### About this task
Lines to restate from the data below: from the one containing "Idén az ökumenikus" to the one containing "การปักหลักเขตแดนสำหรับสร้างสถานีรถไฟ เป็น Harmonica", both included. Give them again exactly, and only them.

### Available data
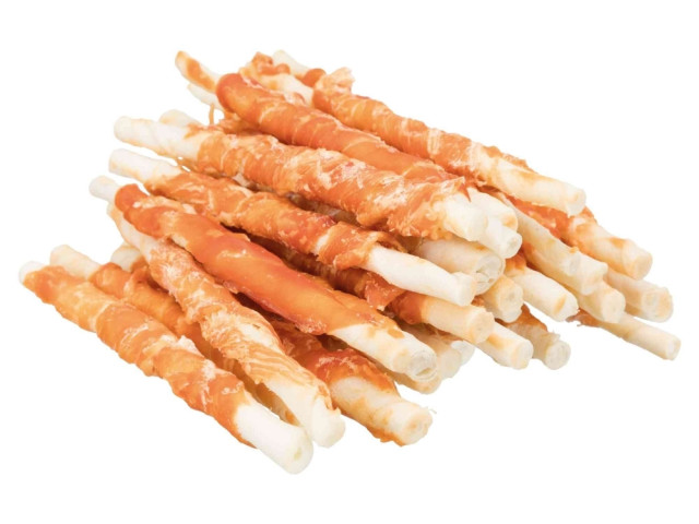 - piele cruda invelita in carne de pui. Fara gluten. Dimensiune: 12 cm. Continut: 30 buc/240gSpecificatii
---
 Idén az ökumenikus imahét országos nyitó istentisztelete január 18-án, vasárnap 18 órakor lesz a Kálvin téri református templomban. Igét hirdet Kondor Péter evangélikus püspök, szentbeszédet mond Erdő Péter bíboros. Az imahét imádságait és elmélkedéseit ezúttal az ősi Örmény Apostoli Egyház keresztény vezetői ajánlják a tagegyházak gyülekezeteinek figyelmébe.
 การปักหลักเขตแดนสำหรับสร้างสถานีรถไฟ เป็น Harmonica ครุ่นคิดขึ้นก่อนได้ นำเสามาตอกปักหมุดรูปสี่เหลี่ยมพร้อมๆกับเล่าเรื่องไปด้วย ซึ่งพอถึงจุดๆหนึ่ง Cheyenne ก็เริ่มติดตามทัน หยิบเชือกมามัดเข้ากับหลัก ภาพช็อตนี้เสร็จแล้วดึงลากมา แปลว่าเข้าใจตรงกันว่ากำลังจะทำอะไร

### Task response
 Idén az ökumenikus imahét országos nyitó istentisztelete január 18-án, vasárnap 18 órakor lesz a Kálvin téri református templomban. Igét hirdet Kondor Péter evangélikus püspök, szentbeszédet mond Erdő Péter bíboros. Az imahét imádságait és elmélkedéseit ezúttal az ősi Örmény Apostoli Egyház keresztény vezetői ajánlják a tagegyházak gyülekezeteinek figyelmébe.
 การปักหลักเขตแดนสำหรับสร้างสถานีรถไฟ เป็น Harmonica ครุ่นคิดขึ้นก่อนได้ นำเสามาตอกปักหมุดรูปสี่เหลี่ยมพร้อมๆกับเล่าเรื่องไปด้วย ซึ่งพอถึงจุดๆหนึ่ง Cheyenne ก็เริ่มติดตามทัน หยิบเชือกมามัดเข้ากับหลัก ภาพช็อตนี้เสร็จแล้วดึงลากมา แปลว่าเข้าใจตรงกันว่ากำลังจะทำอะไร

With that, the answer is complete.